[Opening Supplied records section]

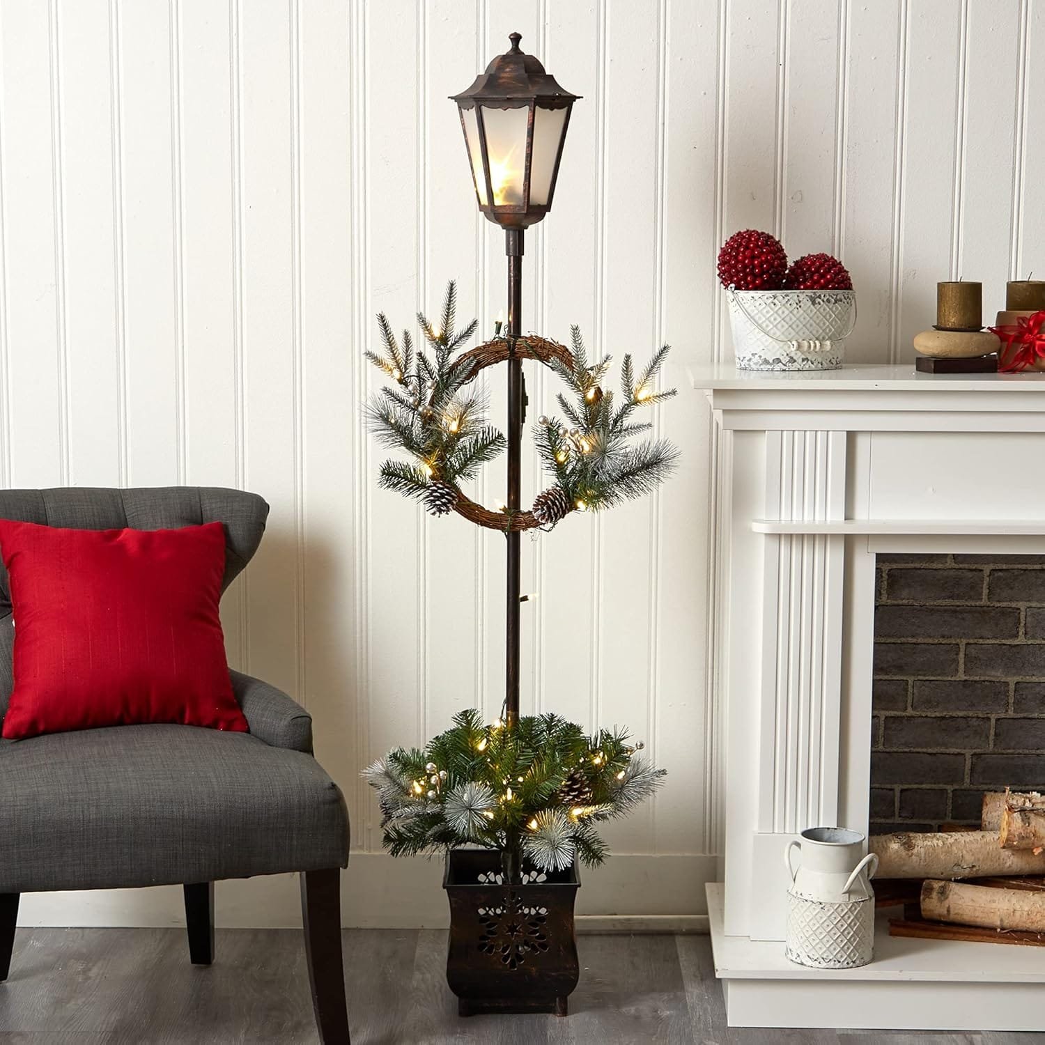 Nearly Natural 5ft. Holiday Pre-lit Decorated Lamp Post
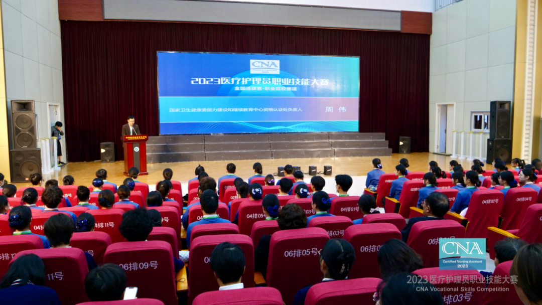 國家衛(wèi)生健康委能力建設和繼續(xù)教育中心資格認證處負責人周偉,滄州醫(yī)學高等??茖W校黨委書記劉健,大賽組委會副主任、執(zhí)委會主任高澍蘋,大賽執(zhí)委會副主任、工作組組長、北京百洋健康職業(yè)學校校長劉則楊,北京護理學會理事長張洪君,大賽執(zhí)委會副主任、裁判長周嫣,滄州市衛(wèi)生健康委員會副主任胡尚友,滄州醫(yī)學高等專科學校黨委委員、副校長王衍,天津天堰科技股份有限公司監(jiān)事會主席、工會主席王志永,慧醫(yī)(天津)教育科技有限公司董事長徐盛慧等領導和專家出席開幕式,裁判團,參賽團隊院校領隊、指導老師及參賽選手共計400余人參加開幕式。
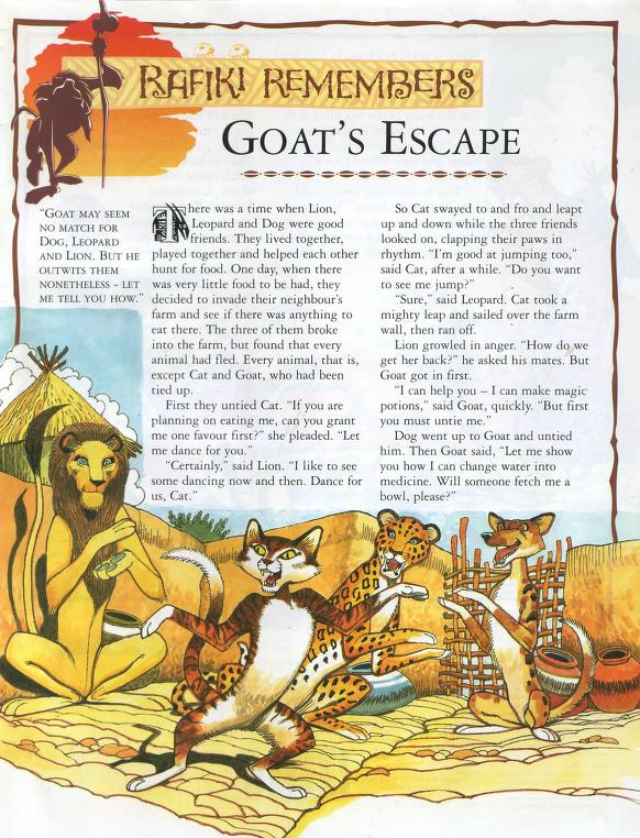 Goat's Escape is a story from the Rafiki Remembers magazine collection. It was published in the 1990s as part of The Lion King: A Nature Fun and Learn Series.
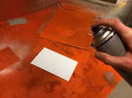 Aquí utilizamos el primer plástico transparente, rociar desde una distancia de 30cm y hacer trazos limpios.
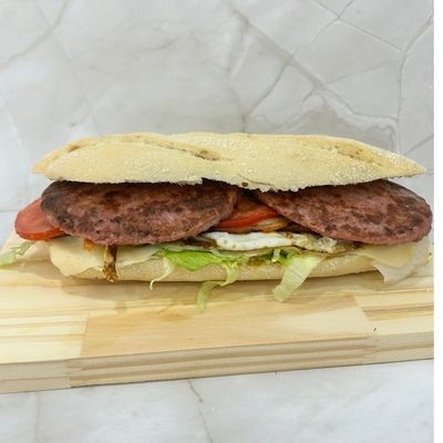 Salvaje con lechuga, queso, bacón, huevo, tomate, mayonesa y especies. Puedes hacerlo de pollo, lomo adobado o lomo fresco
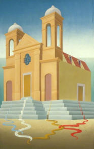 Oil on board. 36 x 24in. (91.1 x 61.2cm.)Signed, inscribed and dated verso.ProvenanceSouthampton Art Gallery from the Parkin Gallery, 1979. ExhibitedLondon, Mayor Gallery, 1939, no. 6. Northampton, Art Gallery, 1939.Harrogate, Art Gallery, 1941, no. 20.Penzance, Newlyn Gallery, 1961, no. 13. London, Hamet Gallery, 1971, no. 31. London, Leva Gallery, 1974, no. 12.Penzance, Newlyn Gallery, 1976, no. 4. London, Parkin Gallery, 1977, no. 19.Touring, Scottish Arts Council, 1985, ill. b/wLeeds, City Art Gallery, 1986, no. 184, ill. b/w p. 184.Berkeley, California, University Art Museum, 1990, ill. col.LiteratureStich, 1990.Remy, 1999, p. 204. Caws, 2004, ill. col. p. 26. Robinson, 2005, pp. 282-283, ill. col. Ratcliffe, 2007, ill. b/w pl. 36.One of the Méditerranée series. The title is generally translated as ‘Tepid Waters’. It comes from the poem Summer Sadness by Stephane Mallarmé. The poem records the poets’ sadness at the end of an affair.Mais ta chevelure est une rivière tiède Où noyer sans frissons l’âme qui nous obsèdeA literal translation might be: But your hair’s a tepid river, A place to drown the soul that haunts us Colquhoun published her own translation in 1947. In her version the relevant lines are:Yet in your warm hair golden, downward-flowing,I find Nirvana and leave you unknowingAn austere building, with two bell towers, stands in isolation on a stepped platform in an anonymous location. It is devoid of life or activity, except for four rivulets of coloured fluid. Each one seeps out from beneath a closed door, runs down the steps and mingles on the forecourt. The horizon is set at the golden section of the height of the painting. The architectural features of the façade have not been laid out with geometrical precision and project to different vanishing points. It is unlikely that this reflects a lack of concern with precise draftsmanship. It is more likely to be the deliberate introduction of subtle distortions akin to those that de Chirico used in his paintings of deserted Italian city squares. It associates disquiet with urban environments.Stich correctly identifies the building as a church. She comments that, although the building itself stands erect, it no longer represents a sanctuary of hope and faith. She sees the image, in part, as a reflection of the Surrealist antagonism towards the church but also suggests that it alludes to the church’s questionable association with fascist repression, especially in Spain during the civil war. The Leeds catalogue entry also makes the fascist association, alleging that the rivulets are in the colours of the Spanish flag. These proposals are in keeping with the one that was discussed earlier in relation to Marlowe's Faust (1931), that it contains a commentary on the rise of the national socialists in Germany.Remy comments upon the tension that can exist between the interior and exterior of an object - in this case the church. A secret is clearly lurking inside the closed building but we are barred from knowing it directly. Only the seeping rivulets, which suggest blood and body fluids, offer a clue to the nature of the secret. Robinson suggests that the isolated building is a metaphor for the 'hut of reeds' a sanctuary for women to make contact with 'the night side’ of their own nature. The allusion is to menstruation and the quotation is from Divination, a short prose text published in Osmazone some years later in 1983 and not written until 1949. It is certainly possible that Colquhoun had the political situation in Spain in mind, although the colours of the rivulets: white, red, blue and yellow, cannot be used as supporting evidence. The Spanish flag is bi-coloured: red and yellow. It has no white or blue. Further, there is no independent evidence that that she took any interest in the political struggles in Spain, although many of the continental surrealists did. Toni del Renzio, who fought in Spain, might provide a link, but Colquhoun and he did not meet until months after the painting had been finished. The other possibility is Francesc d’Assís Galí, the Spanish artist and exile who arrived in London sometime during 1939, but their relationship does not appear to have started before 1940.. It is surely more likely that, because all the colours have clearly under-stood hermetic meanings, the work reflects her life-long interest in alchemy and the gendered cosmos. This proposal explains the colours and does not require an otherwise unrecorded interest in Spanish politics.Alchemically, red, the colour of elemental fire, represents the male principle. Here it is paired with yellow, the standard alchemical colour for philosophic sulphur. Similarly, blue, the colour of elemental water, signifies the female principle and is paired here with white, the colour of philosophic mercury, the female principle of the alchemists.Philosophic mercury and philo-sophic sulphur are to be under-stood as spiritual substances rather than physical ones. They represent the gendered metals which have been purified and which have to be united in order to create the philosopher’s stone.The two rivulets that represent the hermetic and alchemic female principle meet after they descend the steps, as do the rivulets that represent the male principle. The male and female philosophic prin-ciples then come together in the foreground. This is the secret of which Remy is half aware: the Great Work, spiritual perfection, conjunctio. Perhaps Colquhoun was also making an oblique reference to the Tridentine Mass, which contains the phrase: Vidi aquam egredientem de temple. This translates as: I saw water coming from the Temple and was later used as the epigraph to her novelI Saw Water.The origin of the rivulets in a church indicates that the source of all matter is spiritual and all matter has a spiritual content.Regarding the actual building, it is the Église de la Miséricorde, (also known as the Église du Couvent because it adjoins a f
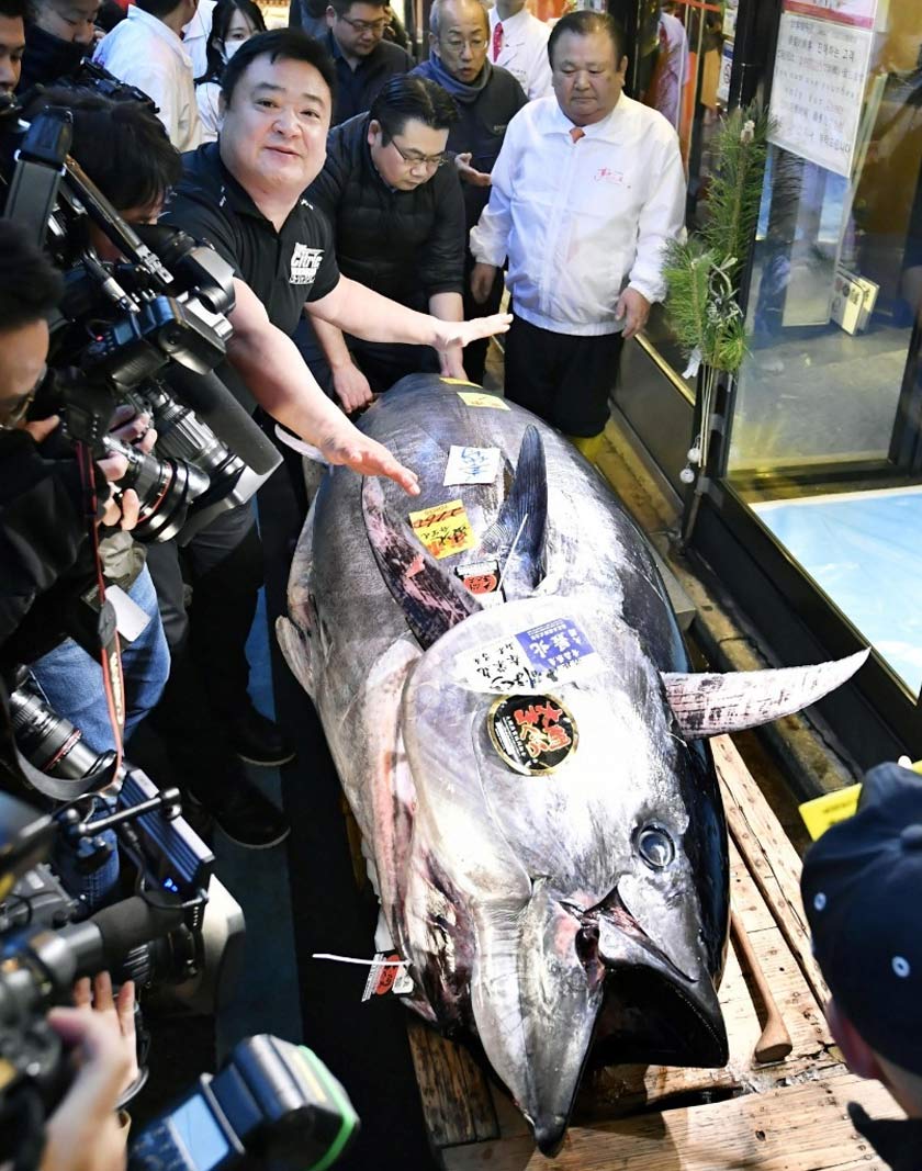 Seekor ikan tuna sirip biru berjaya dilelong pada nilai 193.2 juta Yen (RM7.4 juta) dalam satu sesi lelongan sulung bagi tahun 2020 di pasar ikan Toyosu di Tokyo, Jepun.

[Closing Supplied records section]

» Aim of the exercise
Only the records are wanted, copied exactly, with the pictures dropped.

» Output for this task
 Nearly Natural 5ft. Holiday Pre-lit Decorated Lamp Post
 國家衛(wèi)生健康委能力建設和繼續(xù)教育中心資格認證處負責人周偉,滄州醫(yī)學高等??茖W校黨委書記劉健,大賽組委會副主任、執(zhí)委會主任高澍蘋,大賽執(zhí)委會副主任、工作組組長、北京百洋健康職業(yè)學校校長劉則楊,北京護理學會理事長張洪君,大賽執(zhí)委會副主任、裁判長周嫣,滄州市衛(wèi)生健康委員會副主任胡尚友,滄州醫(yī)學高等專科學校黨委委員、副校長王衍,天津天堰科技股份有限公司監(jiān)事會主席、工會主席王志永,慧醫(yī)(天津)教育科技有限公司董事長徐盛慧等領導和專家出席開幕式,裁判團,參賽團隊院校領隊、指導老師及參賽選手共計400余人參加開幕式。
 Goat's Escape is a story from the Rafiki Remembers magazine collection. It was published in the 1990s as part of The Lion King: A Nature Fun and Learn Series.
 Aquí utilizamos el primer plástico transparente, rociar desde una distancia de 30cm y hacer trazos limpios.
 Salvaje con lechuga, queso, bacón, huevo, tomate, mayonesa y especies. Puedes hacerlo de pollo, lomo adobado o lomo fresco
 Oil on board. 36 x 24in. (91.1 x 61.2cm.)Signed, inscribed and dated verso.ProvenanceSouthampton Art Gallery from the Parkin Gallery, 1979. ExhibitedLondon, Mayor Gallery, 1939, no. 6. Northampton, Art Gallery, 1939.Harrogate, Art Gallery, 1941, no. 20.Penzance, Newlyn Gallery, 1961, no. 13. London, Hamet Gallery, 1971, no. 31. London, Leva Gallery, 1974, no. 12.Penzance, Newlyn Gallery, 1976, no. 4. London, Parkin Gallery, 1977, no. 19.Touring, Scottish Arts Council, 1985, ill. b/wLeeds, City Art Gallery, 1986, no. 184, ill. b/w p. 184.Berkeley, California, University Art Museum, 1990, ill. col.LiteratureStich, 1990.Remy, 1999, p. 204. Caws, 2004, ill. col. p. 26. Robinson, 2005, pp. 282-283, ill. col. Ratcliffe, 2007, ill. b/w pl. 36.One of the Méditerranée series. The title is generally translated as ‘Tepid Waters’. It comes from the poem Summer Sadness by Stephane Mallarmé. The poem records the poets’ sadness at the end of an affair.Mais ta chevelure est une rivière tiède Où noyer sans frissons l’âme qui nous obsèdeA literal translation might be: But your hair’s a tepid river, A place to drown the soul that haunts us Colquhoun published her own translation in 1947. In her version the relevant lines are:Yet in your warm hair golden, downward-flowing,I find Nirvana and leave you unknowingAn austere building, with two bell towers, stands in isolation on a stepped platform in an anonymous location. It is devoid of life or activity, except for four rivulets of coloured fluid. Each one seeps out from beneath a closed door, runs down the steps and mingles on the forecourt. The horizon is set at the golden section of the height of the painting. The architectural features of the façade have not been laid out with geometrical precision and project to different vanishing points. It is unlikely that this reflects a lack of concern with precise draftsmanship. It is more likely to be the deliberate introduction of subtle distortions akin to those that de Chirico used in his paintings of deserted Italian city squares. It associates disquiet with urban environments.Stich correctly identifies the building as a church. She comments that, although the building itself stands erect, it no longer represents a sanctuary of hope and faith. She sees the image, in part, as a reflection of the Surrealist antagonism towards the church but also suggests that it alludes to the church’s questionable association with fascist repression, especially in Spain during the civil war. The Leeds catalogue entry also makes the fascist association, alleging that the rivulets are in the colours of the Spanish flag. These proposals are in keeping with the one that was discussed earlier in relation to Marlowe's Faust (1931), that it contains a commentary on the rise of the national socialists in Germany.Remy comments upon the tension that can exist between the interior and exterior of an object - in this case the church. A secret is clearly lurking inside the closed building but we are barred from knowing it directly. Only the seeping rivulets, which suggest blood and body fluids, offer a clue to the nature of the secret. Robinson suggests that the isolated building is a metaphor for the 'hut of reeds' a sanctuary for women to make contact with 'the night side’ of their own nature. The allusion is to menstruation and the quotation is from Divination, a short prose text published in Osmazone some years later in 1983 and not written until 1949. It is certainly possible that Colquhoun had the political situation in Spain in mind, although the colours of the rivulets: white, red, blue and yellow, cannot be used as supporting evidence. The Spanish flag is bi-coloured: red and yellow. It has no white or blue. Further, there is no independent evidence that that she took any interest in the political struggles in Spain, although many of the continental surrealists did. Toni del Renzio, who fought in Spain, might provide a link, but Colquhoun and he did not meet until months after the painting had been finished. The other possibility is Francesc d’Assís Galí, the Spanish artist and exile who arrived in London sometime during 1939, but their relationship does not appear to have started before 1940.. It is surely more likely that, because all the colours have clearly under-stood hermetic meanings, the work reflects her life-long interest in alchemy and the gendered cosmos. This proposal explains the colours and does not require an otherwise unrecorded interest in Spanish politics.Alchemically, red, the colour of elemental fire, represents the male principle. Here it is paired with yellow, the standard alchemical colour for philosophic sulphur. Similarly, blue, the colour of elemental water, signifies the female principle and is paired here with white, the colour of philosophic mercury, the female principle of the alchemists.Philosophic mercury and philo-sophic sulphur are to be under-stood as spiritual substances rather than physical ones. They represent the gendered metals which have been purified and which have to be united in order to create the philosopher’s stone.The two rivulets that represent the hermetic and alchemic female principle meet after they descend the steps, as do the rivulets that represent the male principle. The male and female philosophic prin-ciples then come together in the foreground. This is the secret of which Remy is half aware: the Great Work, spiritual perfection, conjunctio. Perhaps Colquhoun was also making an oblique reference to the Tridentine Mass, which contains the phrase: Vidi aquam egredientem de temple. This translates as: I saw water coming from the Temple and was later used as the epigraph to her novelI Saw Water.The origin of the rivulets in a church indicates that the source of all matter is spiritual and all matter has a spiritual content.Regarding the actual building, it is the Église de la Miséricorde, (also known as the Église du Couvent because it adjoins a f
 Seekor ikan tuna sirip biru berjaya dilelong pada nilai 193.2 juta Yen (RM7.4 juta) dalam satu sesi lelongan sulung bagi tahun 2020 di pasar ikan Toyosu di Tokyo, Jepun.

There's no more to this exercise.